Hayal inkılâbı
Zaman altın ilmeğini boynumuza takmış bizi peşinden koşturmakta. Herkesin zaman ve mekân anlayışı, hayal ettiği dünya ile sınırlı. Hayatı boyunca köyünden hiç çıkmayan bir çobana göre dünya, ağıl ile yayla arasında gidip geldiği zaman ve mekândan ibarettir. Evinde ev işleri ile meşgul olan bir kadının hülyası, evini daha huzurlu ve güzel yapmaya yöneliktir. Bir babanın hayal dünyası ise, çocuklarını en iyi şekilde yetiştirmek ve gözü arkada kalmayacak şekilde onları hayata hazırlamaktır. Bir öğretmen, talebelerinin başarılı olması hayali ile yatıp kalkar. Lisede okuyan bir talebenin hayalinde ise iyi okullar, parıltılı bir meslek, model aldığı insanların ışıltılı hayatları vardır.
Millet olarak üç asırdır hayal kurmaktan ve ümitli olmaktan uzak bir hayat yaşıyorduk. Son birkaç asırdır, güz yapraklarına dönüşen milletimiz derin bir hüzünle her esen rüzgârda sağa sola savruluyordu. Attan inip yatağa düşmüştük. Gökyüzü kapkaranlıktı ve yıldızlar bulutların ardına saklanmıştı. Gönül ve ruh dünyamız büyük bir sarsıntının tozu dumanı altındaydı. Umut ve hayallerimiz inkisar içindeydi.
Asrın Mustaribi, bir kış günü gelip, elindeki eteğindeki tohumları en soğuk kış mevsiminde hayallerinin yetiştiği her yere ekti, saçtı. Yeni bir ihya ve inşa hareketinin tohumlarını saçarken, müjdeyi de veriyordu: Siz cennet-âsâ bir baharda geleceksiniz. O zaman kabrimize gelin...
Asrın Mustaribi'nin yazdıklarını fert fert, ocak ocak, mahalle mahalle, kasaba kasaba, şehir şehir ve en nihayetinde ülke ülke, iç içe daireler şeklinde genişleten bir gönül hareketi ise, Üstad'ın bekaya göç etmesinden on yıl kadar sonra, İzmir'de tahta bir kulübede, mum ışığında aydınlanan uykusuz gecelerde başladı. Gözyaşları fidanlara can suyu olmuştu.

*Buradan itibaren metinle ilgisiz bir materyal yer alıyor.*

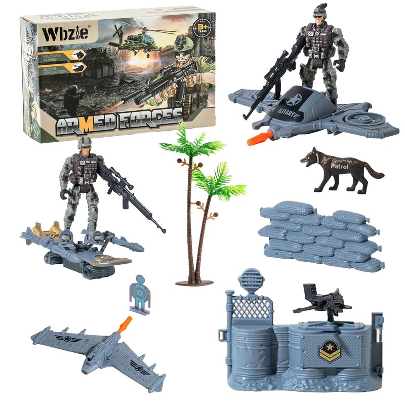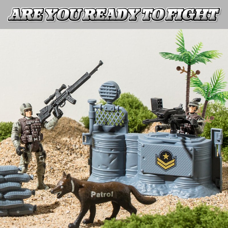 - 15-in-1 Army Men Playset Includes: This all-inclusive army toy set, featuring 1 gun piece/2 military figures/2 pistols/1 target/1 grey sandbag/1 flying saucer A/1 flying saucer B/1 tree/2 orange bullets/1 oil tank wall/1 aircraft/1 wolfhound
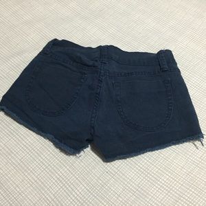 Navy blue shorts with frayed bottoms
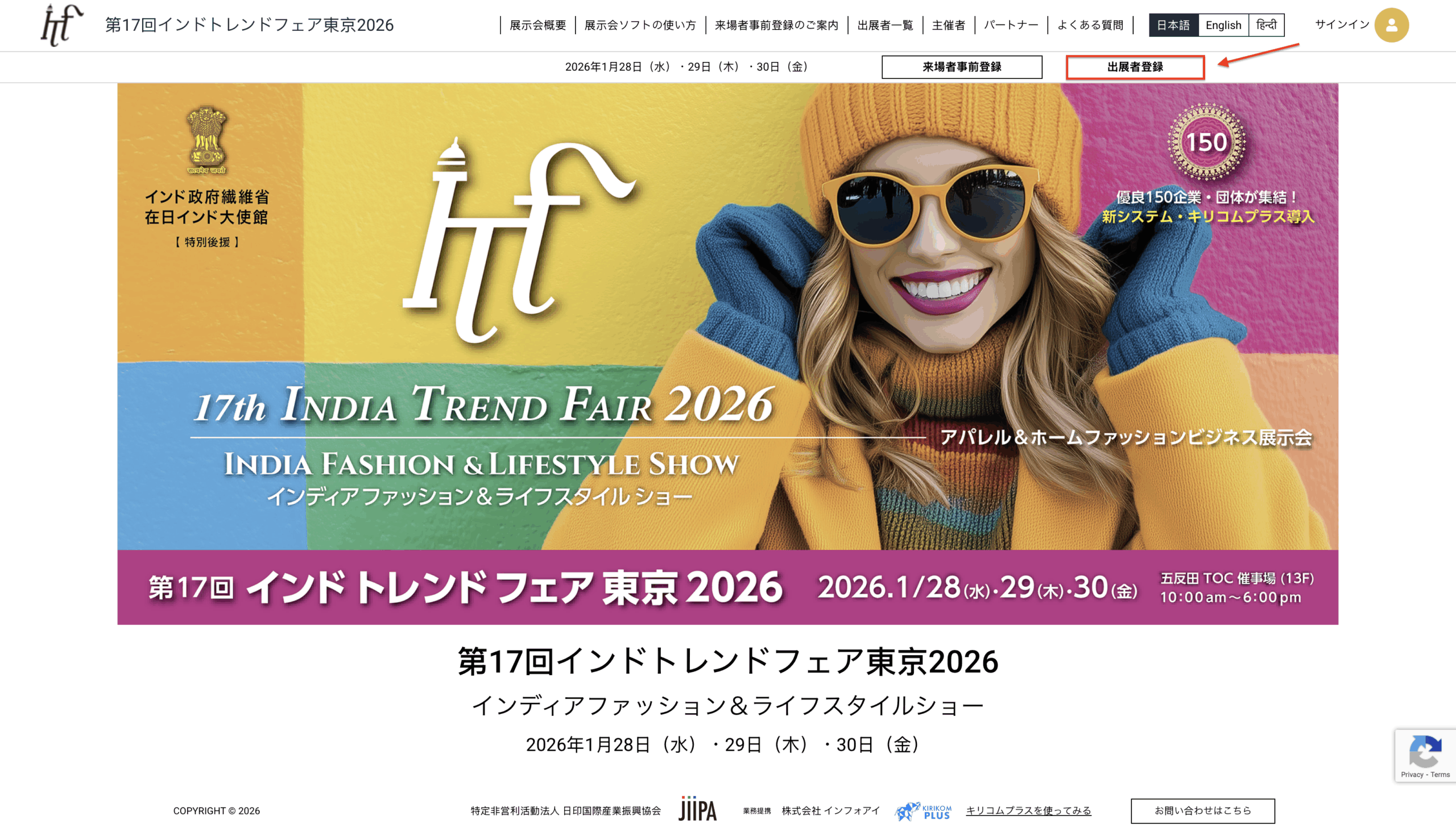 - 第17回インドトレンドフェア東京2026ウェブサイトトップページ上部の「出展者登録」ボタンを押下します。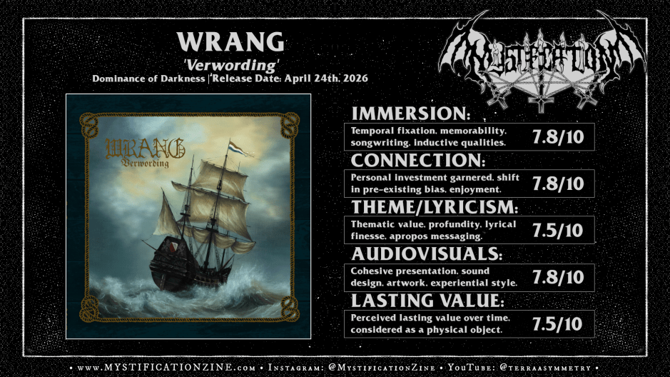 ‘Verwording‘ expresses enough vibrant character throughout its ~39 minute run to entertain general black metal audiences via conviction and melodious uprise. No doubt this is Wrang‘s best-yet effort if only for the sake of better communicating their moderately complex sonic personality and path in a strident and I’d say not-so edgy manner. Though I’m not sure the signature of the band is any easier to pinpoint within this work it is yet a tunefully bounding work which rallies through each piece with an above-average sense of wrathful narrative underpinning its otherwise guitar driven pulse. A moderately high recommendation.

Onlar bizim gönül, ruh, zihin ve hayal dünyamızda sessiz bir ihtilâl yaptılar. Gürültüden, tarrakalardan ve hamasetten uzak bir hayal ihtilâli. Bir zihniyet inkılâbıydı bu. Kalblerimizle düşünmeyi öğrettiler bize. Ancak sünuhat yoluyla elde edilebilecek bir ilimdi belki de.
Evinde oturup yemek yapan ve dantel ören kadın; yaptığı yemekleri ve ördüğü dantelleri kermese götürüp, karınca kararınca bu gönül hareketine katkıda bulunarak, dünya çapında örülen bir dantelânın ilmeklerinden biri oldu.
Bir baba; çocuklarına yedirdiği ekmeğin bir parçasını "hizmet"e vererek, hem sofrasının bereketlenmesini sağladı, hem de bu şahs-ı mânevînin parçası oldu. Çocuklarının gönül dünyasını zenginleştirerek, onları dünyanın dört bir tarafına göndermeye ikna etti ve kendisi de razı oldu.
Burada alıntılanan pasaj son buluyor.